### DATA PROVIDED
++++++++++++++++++++
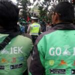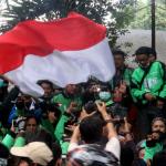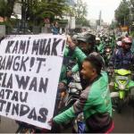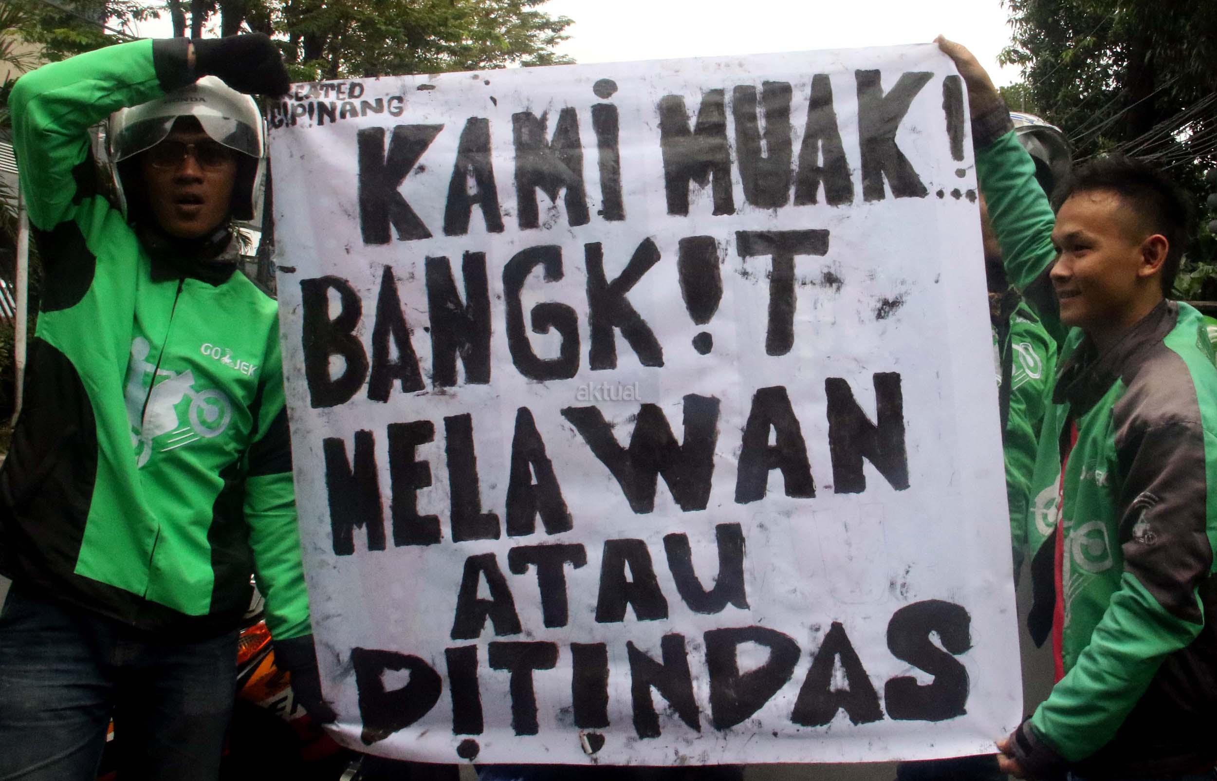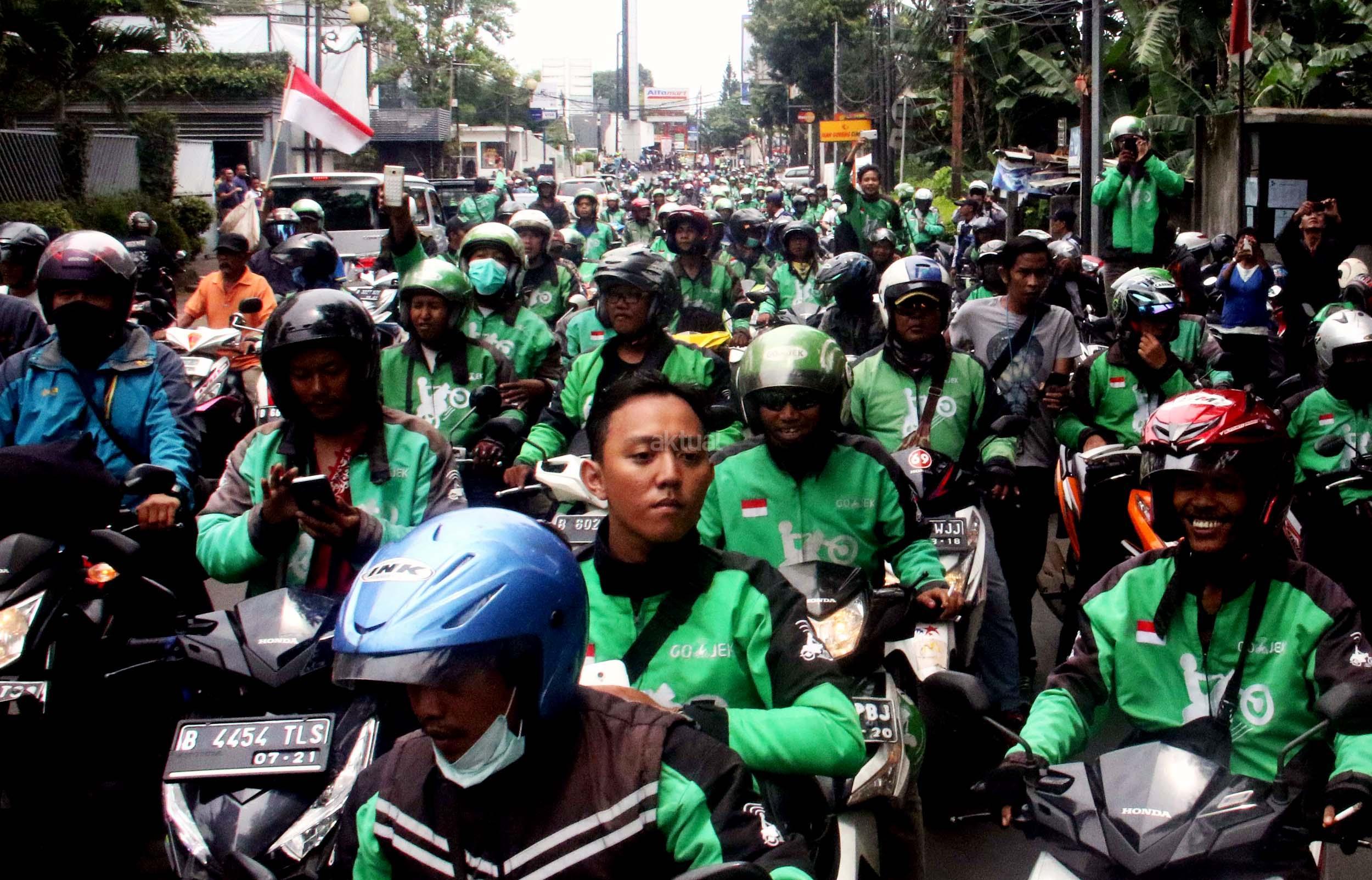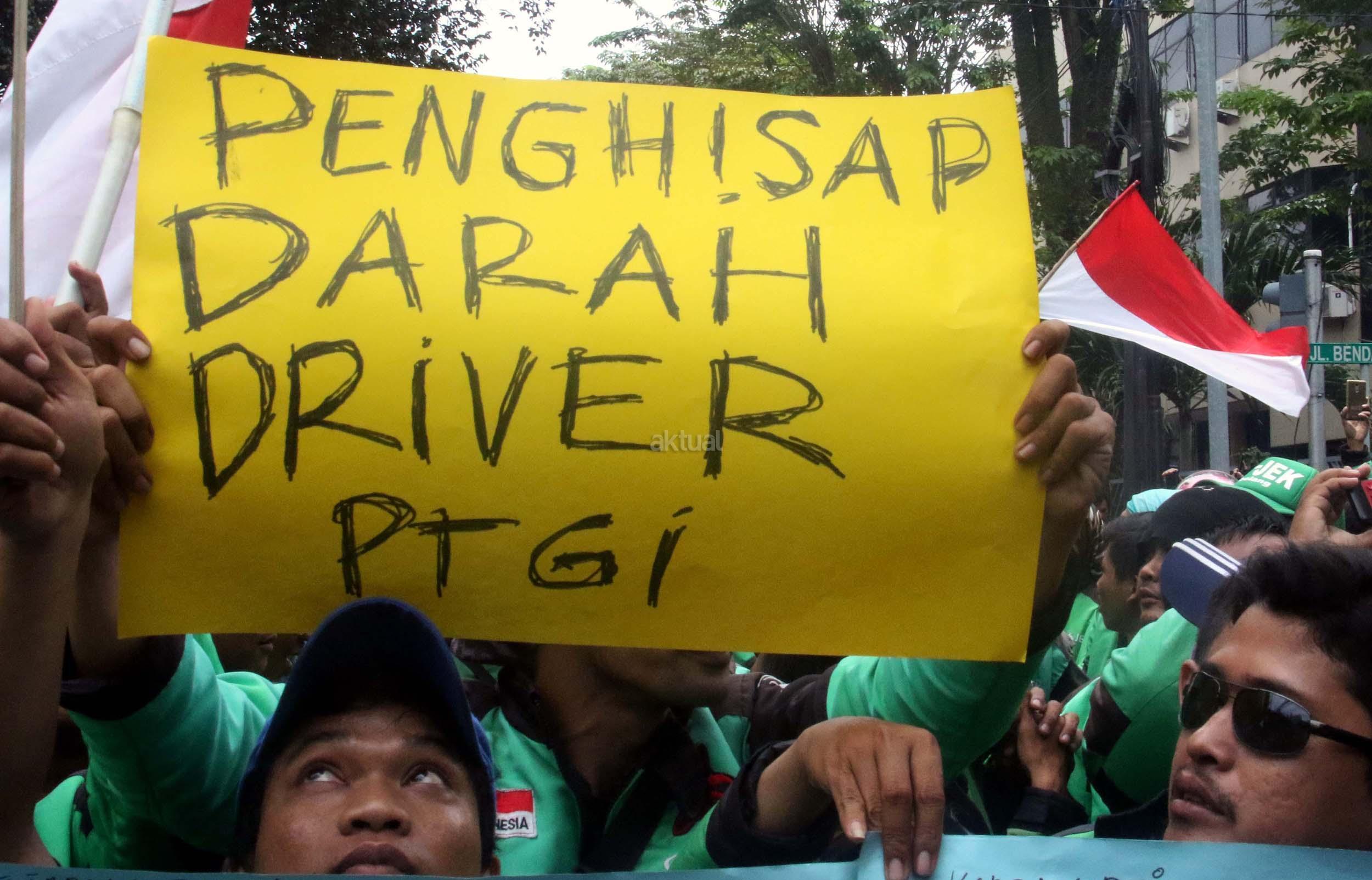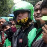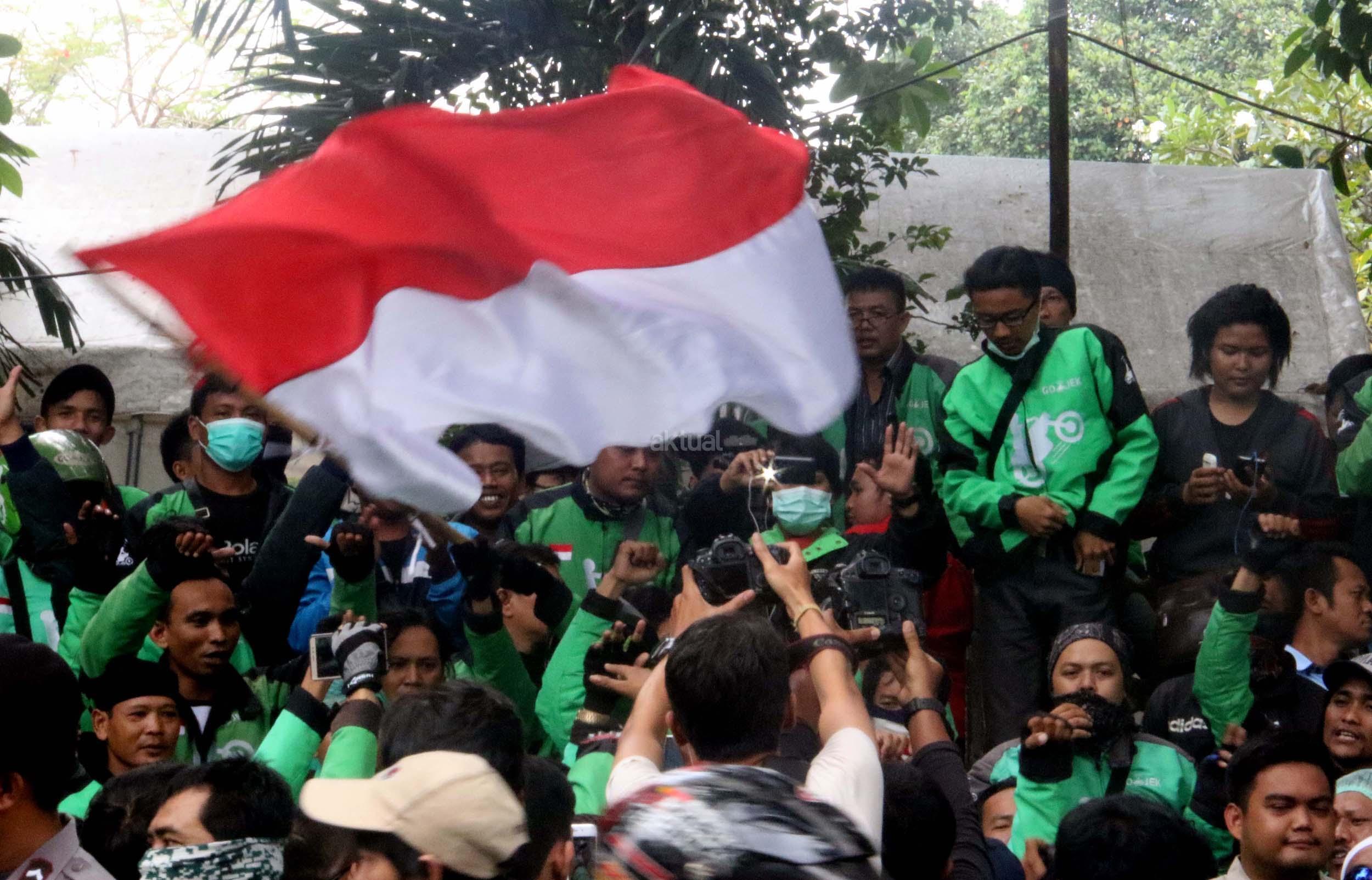 Ribuan driver Gojek melakukan aksi unjuk rasa di depan kantor PT Gojek Indonesia, Jakarta, Senin (3/10/2016). Dalam aksinya ribuan drevir Gojek mendesak untuk dihapuskan sistem performa (rating) karena menyusahkan para driver Gojek. Aktual/Munzir
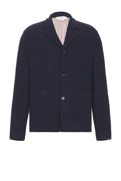 Thom Browne Sack Wool Jacket in Navy Self: 55% wool 30% silk 15% cashmere Lining: 100% cupro. Dry clean only. Single breasted closure. 3-pocket design. Buttoned cuffs. Lightweight brushed knit fabric. Item not sold as set. TMBX-MO216. MJT527A-J0217. About the designer: Thom Browne began his career designing men's bespoke clothing and expanded his line into a full ready-to-wear collection in 2004. Browne's style, rooted in a truly American sensibility and inspired by icons of the late 1950s and early 1960s, updates classic silhouettes with unexpected proportions. In 2011 he launched a women's ready-to-wear collection, and in 2012 a unisex eyewear collection. Thom was the recipient of the 2012 Smithsonian Cooper Hewitt National Design Award in Fashion Design.
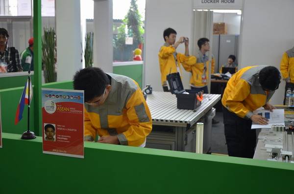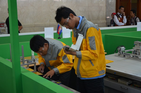 2012年11月15日上午9點整,第九屆東盟技能大賽正式拉開帷幕。由中國亞龍科技集團提供設備支持的工業自動化項目共有來自7個東盟國家的選手參賽。整個賽項為期三天,第一天競賽項目為機械安裝, 經過一天5個小時的激烈緊張的角逐,東道主印度尼西亞隊暫時領先。
++++++++++++++++++++
### ABOUT THIS EXERCISE
Type out the data above again exactly as written, minus the images.

### WRITTEN SOLUTION
 Ribuan driver Gojek melakukan aksi unjuk rasa di depan kantor PT Gojek Indonesia, Jakarta, Senin (3/10/2016). Dalam aksinya ribuan drevir Gojek mendesak untuk dihapuskan sistem performa (rating) karena menyusahkan para driver Gojek. Aktual/Munzir
 Thom Browne Sack Wool Jacket in Navy Self: 55% wool 30% silk 15% cashmere Lining: 100% cupro. Dry clean only. Single breasted closure. 3-pocket design. Buttoned cuffs. Lightweight brushed knit fabric. Item not sold as set. TMBX-MO216. MJT527A-J0217. About the designer: Thom Browne began his career designing men's bespoke clothing and expanded his line into a full ready-to-wear collection in 2004. Browne's style, rooted in a truly American sensibility and inspired by icons of the late 1950s and early 1960s, updates classic silhouettes with unexpected proportions. In 2011 he launched a women's ready-to-wear collection, and in 2012 a unisex eyewear collection. Thom was the recipient of the 2012 Smithsonian Cooper Hewitt National Design Award in Fashion Design.
 2012年11月15日上午9點整,第九屆東盟技能大賽正式拉開帷幕。由中國亞龍科技集團提供設備支持的工業自動化項目共有來自7個東盟國家的選手參賽。整個賽項為期三天,第一天競賽項目為機械安裝, 經過一天5個小時的激烈緊張的角逐,東道主印度尼西亞隊暫時領先。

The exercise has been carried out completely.